- **WHAT IS NEEDED**
Exclude pictures and give again exactly the lines of the listing, beginning with its first line and ending with the one that contains "1月26日下午,校党委在德馨".

- **SUPPLIED DATA**
============================================================

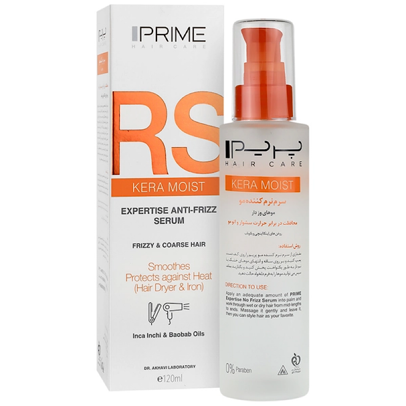 سرم نرم کننده مو پرایم مدل RS یک سرم تخصصی ۱۲۰ میلیلیتری طراحی شده برای موهای وز دار است که بافتی سبک و غیرچرب دارد و بهسرعت جذب ساقه مو میشود. این سرم با هدف کنترل الکتریسیته ساکن و جلوگیری از وز شدن موها در محیطهای مرطوب فرموله شده است، بهطوری که حتی در روزهای مرطوب نیز موها را نرم، خوشحالت و درخشان نگه میدارد.
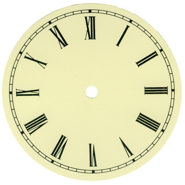 Aluminum Painted Dial Roman 6" a painted aluminum dial that has an ivory face and black roman numerals. The dial has a diameter of 152.4 mm or 6".
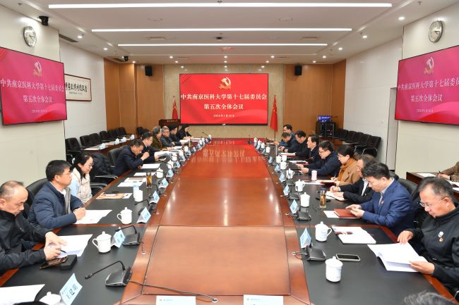 1月26日下午,校党委在德馨楼A218会议室召开中共南京医科大学第十七届委员会第五次全体会议,审议2025年党委工作报告和纪委工作报告。全体在校校领导、全体党委委员出席会议,校纪委委员代表列席会议。会议由党委副书记、校长胡志斌主持。
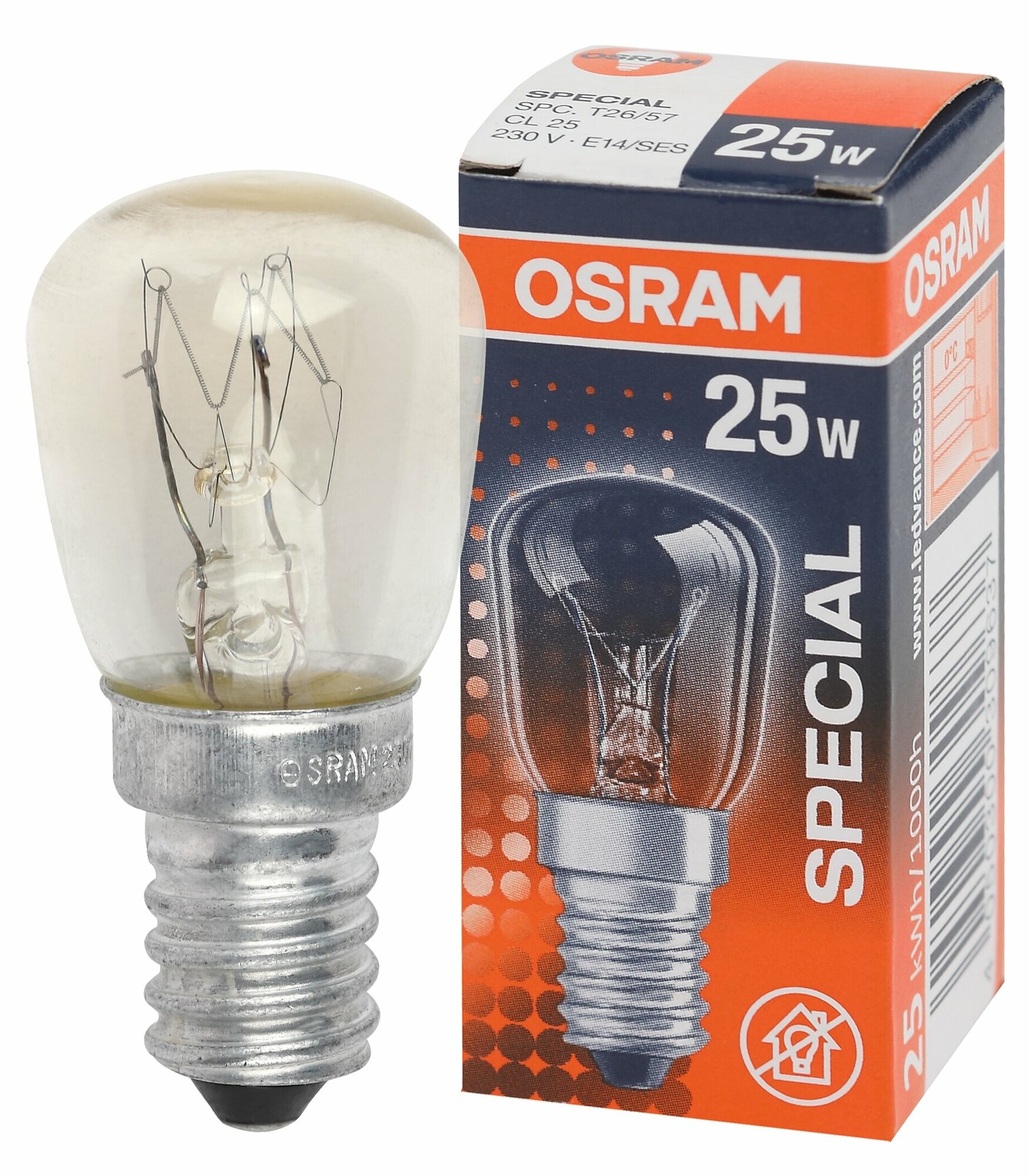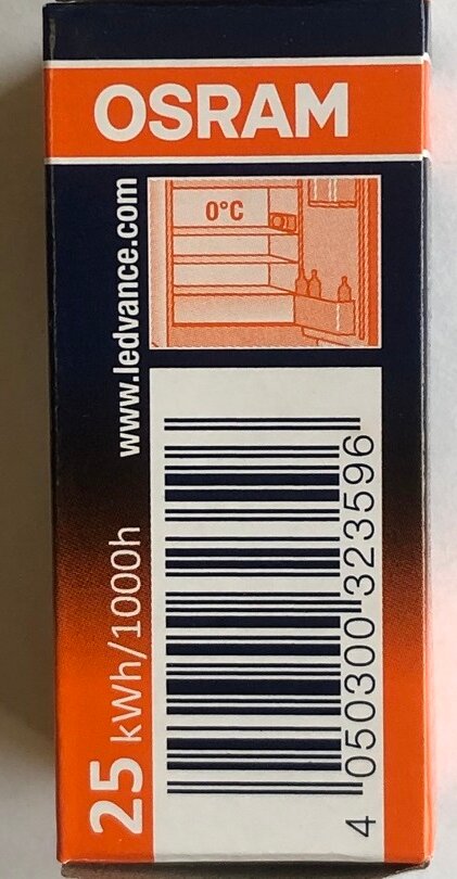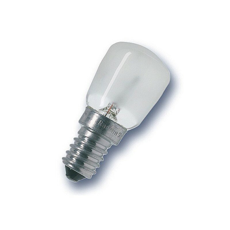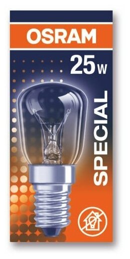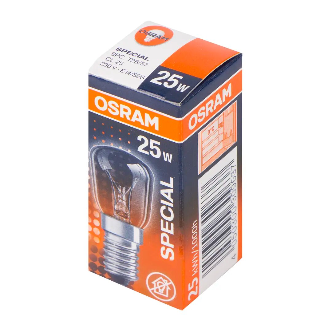 Лампа накаливания Osram для холодильника поможет разглядеть продукты на полках даже ночью. Она работает в сети 220 вольт, потребляет мощность 25 Вт и светит теплым белым светом. У нее прозрачная колба и цоколь E14. Е14 — «младший брат» стандартного цоколя E27. Отличие только в диаметре: 14 мм вместо 27 мм. Цоколь подходит для миниатюрных ламп типа «миньон», используемых в небольших светильниках. Цоколь типа E (он же «винт Эдисона») повсеместно применяется для ламп бытовой электросети как в России, так и в Европе. Благодаря резьбовому соединению он быстро вкручивается в патрон, как большой винт.

============================================================

- **TASK OUTPUT**
 سرم نرم کننده مو پرایم مدل RS یک سرم تخصصی ۱۲۰ میلیلیتری طراحی شده برای موهای وز دار است که بافتی سبک و غیرچرب دارد و بهسرعت جذب ساقه مو میشود. این سرم با هدف کنترل الکتریسیته ساکن و جلوگیری از وز شدن موها در محیطهای مرطوب فرموله شده است، بهطوری که حتی در روزهای مرطوب نیز موها را نرم، خوشحالت و درخشان نگه میدارد.
 Aluminum Painted Dial Roman 6" a painted aluminum dial that has an ivory face and black roman numerals. The dial has a diameter of 152.4 mm or 6".
 1月26日下午,校党委在德馨楼A218会议室召开中共南京医科大学第十七届委员会第五次全体会议,审议2025年党委工作报告和纪委工作报告。全体在校校领导、全体党委委员出席会议,校纪委委员代表列席会议。会议由党委副书记、校长胡志斌主持。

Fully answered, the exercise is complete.